_Work task_
Could you transcribe the entries below exactly, starting at the line that contains "Desert Speed School" and stopping at the last line, without any pictures?

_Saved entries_
= Beginning of Section =
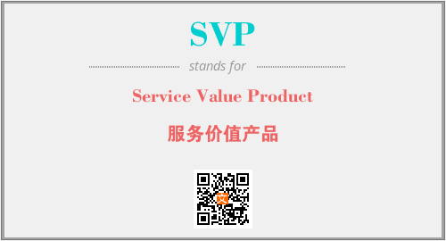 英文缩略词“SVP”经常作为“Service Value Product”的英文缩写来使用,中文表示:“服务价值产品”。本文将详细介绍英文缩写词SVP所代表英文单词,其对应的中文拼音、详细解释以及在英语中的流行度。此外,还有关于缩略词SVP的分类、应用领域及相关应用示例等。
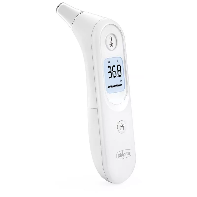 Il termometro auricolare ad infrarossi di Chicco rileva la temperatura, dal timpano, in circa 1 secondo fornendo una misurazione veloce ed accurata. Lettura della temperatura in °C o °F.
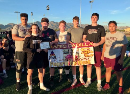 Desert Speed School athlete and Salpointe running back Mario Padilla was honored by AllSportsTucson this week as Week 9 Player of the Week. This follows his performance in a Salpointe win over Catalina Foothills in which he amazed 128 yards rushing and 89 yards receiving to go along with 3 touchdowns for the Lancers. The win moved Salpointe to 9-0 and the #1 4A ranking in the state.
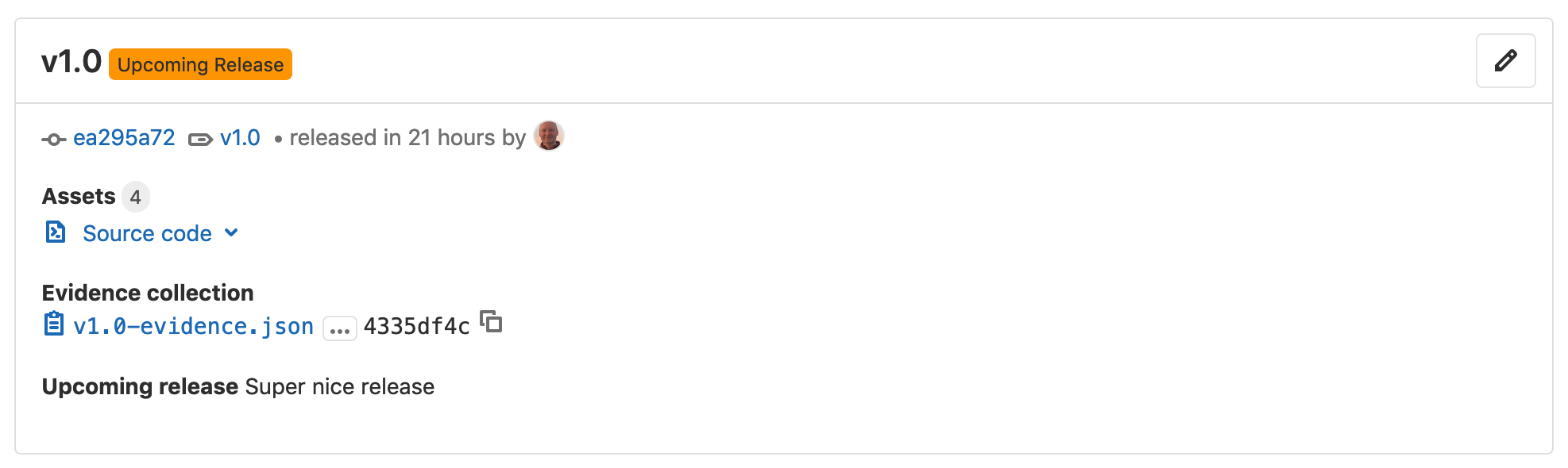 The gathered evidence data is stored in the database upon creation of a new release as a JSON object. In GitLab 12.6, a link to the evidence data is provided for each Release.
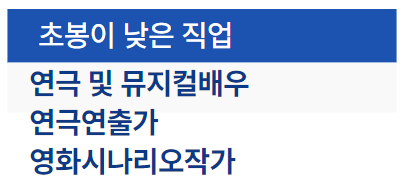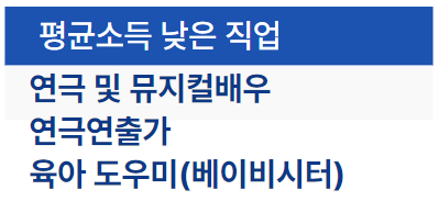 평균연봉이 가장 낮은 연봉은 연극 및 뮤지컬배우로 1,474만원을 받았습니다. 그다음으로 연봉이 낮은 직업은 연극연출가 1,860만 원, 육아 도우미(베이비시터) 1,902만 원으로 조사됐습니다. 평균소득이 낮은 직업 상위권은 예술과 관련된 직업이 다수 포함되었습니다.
= End of Section =
_Task solution_
 Desert Speed School athlete and Salpointe running back Mario Padilla was honored by AllSportsTucson this week as Week 9 Player of the Week. This follows his performance in a Salpointe win over Catalina Foothills in which he amazed 128 yards rushing and 89 yards receiving to go along with 3 touchdowns for the Lancers. The win moved Salpointe to 9-0 and the #1 4A ranking in the state.
 The gathered evidence data is stored in the database upon creation of a new release as a JSON object. In GitLab 12.6, a link to the evidence data is provided for each Release.
 평균연봉이 가장 낮은 연봉은 연극 및 뮤지컬배우로 1,474만원을 받았습니다. 그다음으로 연봉이 낮은 직업은 연극연출가 1,860만 원, 육아 도우미(베이비시터) 1,902만 원으로 조사됐습니다. 평균소득이 낮은 직업 상위권은 예술과 관련된 직업이 다수 포함되었습니다.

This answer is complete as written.